AB - In recent years, the hyperspectral image (HSI) classification has received much attention due to its importance on the military applications, food quality assessment [1], and land cover analysis [2-5], etc. Multiple classifiers have been adopted to label pixels of HSI images, including support vector machine (SVM), random forest (RF), and recently, the deep learning methods. Considering that HSI pixels belonging to the same class are usually lying in a low-dimensional space, those pixels can be represented by training samples from the same class. Based on that, Sparse Representation Classification (SRC) methods have also introduced in the HSI imagery.
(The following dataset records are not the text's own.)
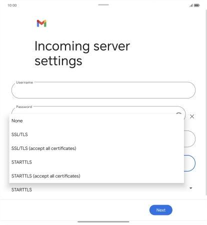 Press the field below "Server" and key in the name of your email provider's incoming server.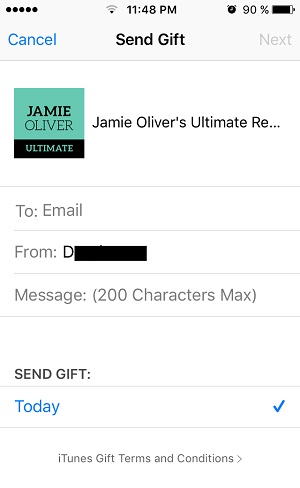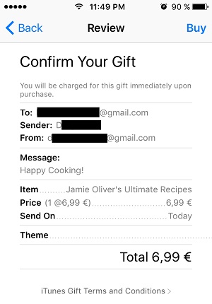Review your info one more time. The price of the app is displayed once again. You can also check the iTunes Gift Terms and Conditions. When everything is ready tap Buy in the top-right corner of the screen. Hit Buy Now to confirm once again and your gift is ready!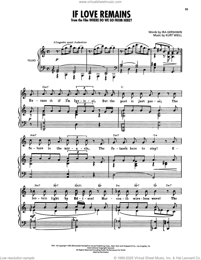 This new feature (still experimental) allows you to ask questions related to this music title to our AI music assistant (powered by OpenAI ChatGPT), trained to answer as an expert on this music title.You may ask questions like "When was this song written?" or "How would you suggest approaching this song?" You can also ask questions about the author or anything else you may think of. Just enter your queries inside the field on the top of the displayed music and click the "Ask" button on the left to start chatting. Remember that the assistant cannot perform catalog searches. It is focused only on this music title. It could also give you wrong or imperfect answers. In that case, click the "regenerate" button on the side of the answer to replace it with a new one. And, of course, you can provide feedback for each answer so we can improve the system. ![]() Ira Gershwin: If Love Remains (from Where Do We Go From Here?) for voice, piano or guitar, intermediate sheet music. Includes an High-Quality PDF file to download instantly. Licensed to Virtual Sheet Music® by Hal Leonard® publishing company. NOTE: The image above is just a preview of the first page of this item. Buy this item to display, print, and enjoy the complete music. Basic Score Info
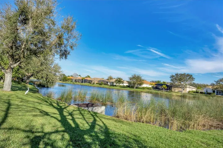 Come live the Florida lifestyle in this split plan, lakefront home with a THREE CAR GARAGE in the desirable gated community of Laurel Lakes. It’s easy living in this ONE LEVEL floor plan with HIGH CEILINGS and MULTIPLE SETS OF 8’ POCKET SLIDERS to the lanai. Tranquil water views visible from all main living areas including the primary bedroom as well as the back guest bedroom. BRAND NEW TILE ROOF INSTALLED NOV. 2024. Pull down attic access in garage for extra storage and a three car garage and paver circular driveway provide ample space for cars. HURRICANE RATED GARAGE DOORS and SHUTTERS for peace of mind and lower insurance costs. An expansive corner lot adds to the privacy and the mature landscaping adds curb appeal. Laurel Lakes is a well-maintained community offering low HOA fees, including a clubhouse with a heated pool, fitness center, pickleball/tennis courts and lots of planned social activities! Located close to everything wonderful Sarasota has to offer. Only 15-20 minutes to Downtown Sarasota, 15 min to University Town Center and Waterside, 5-10 min to hiking in beautiful Celery Fields and Rothenbach park and 25-30 minutes to Lido or Siesta Key beach! Come check it out and make this your new place to call home!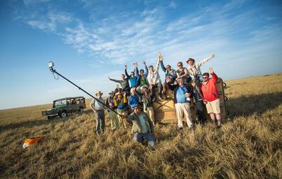 Keywords: outdoor landscape field KENYA, Masai Mara: In a photograph taken by Make It Kenya 02 October 2015, a group of tourists wave for a selfie-photograph having just landed and completed a Governor's Balloon Safari hot air balloon flights over the Masai Mara National Reserve. Seeing the Mara from the air requires an early start in order to be airborne for the sunrise, but offers tourists visiting the famous wildlife reserve a unique and panoramic way to view one of Kenya's most famous natural attractions from the basket of a hot air balloon. MANDATORY CREDIT: MAKE IT KENYA PHOTO / STUART PRICE. KENYA, Masai Mara: In a photograph taken by Make It Kenya 02 October 2015, a group of tourists wave for a selfie-photograph having just landed and completed a Governor's Balloon Safari hot air balloon flights over the Masai Mara National Reserve. Seeing the Mara from the air requires an early start in order to be airborne for the sunrise, but offers tourists visiting the famous wildlife reserve a unique and panoramic way to view one of Kenya's most famous natural attractions from the basket of a hot air balloon. MANDATORY CREDIT: MAKE IT KENYA PHOTO / STUART PRICE. |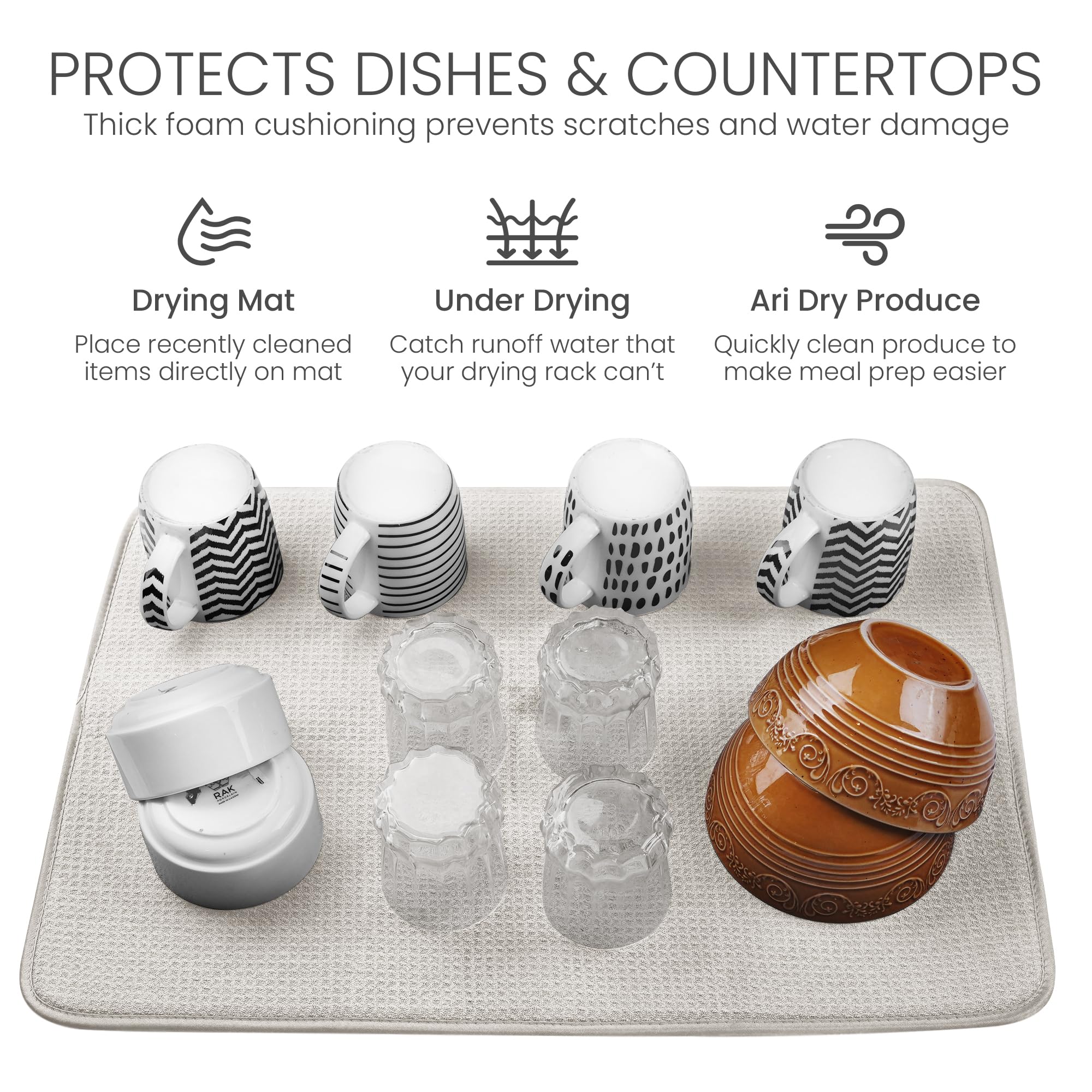 KEEP YOUR ANTIQUE GLASSWARE SAFE: Our stylish kitchen drying mat protects your counter from scuffs and scratches while also keeping your most prized kitchen essentials and glassware safe and sound . And If you ever feel like washing your dish drying mat , simply toss it in the wash with the rest of your laundry-this absorbent microfiber construction has a flexible core that does not weaken in the wash

For an unlabeled pixel, a few atoms from the constructed training dictionary can sparsely represent it. With the recovered sparse coefficients, the class label can be determined by the residual between the test pixel and its approximation.With the development of SRC in HIS [5, 6], there is one severe problem during the process of classification. Due to the high dimensions of the HSI data, it may result the Hughes phenomenon. Sufficient training samples are required to overcome the curse of dimensionality. However, sufficient training data are not always available in real application. For example, the ground truth labelling work for remote sensing data is rather inconvenient. Therefore, to solve the above problem, we decide to combine multiple types of features extracted from HSI data, and a joint kernelized SRC will be operated on those extracted features. The aim of our work is to improve the performance of SRC with less training samples.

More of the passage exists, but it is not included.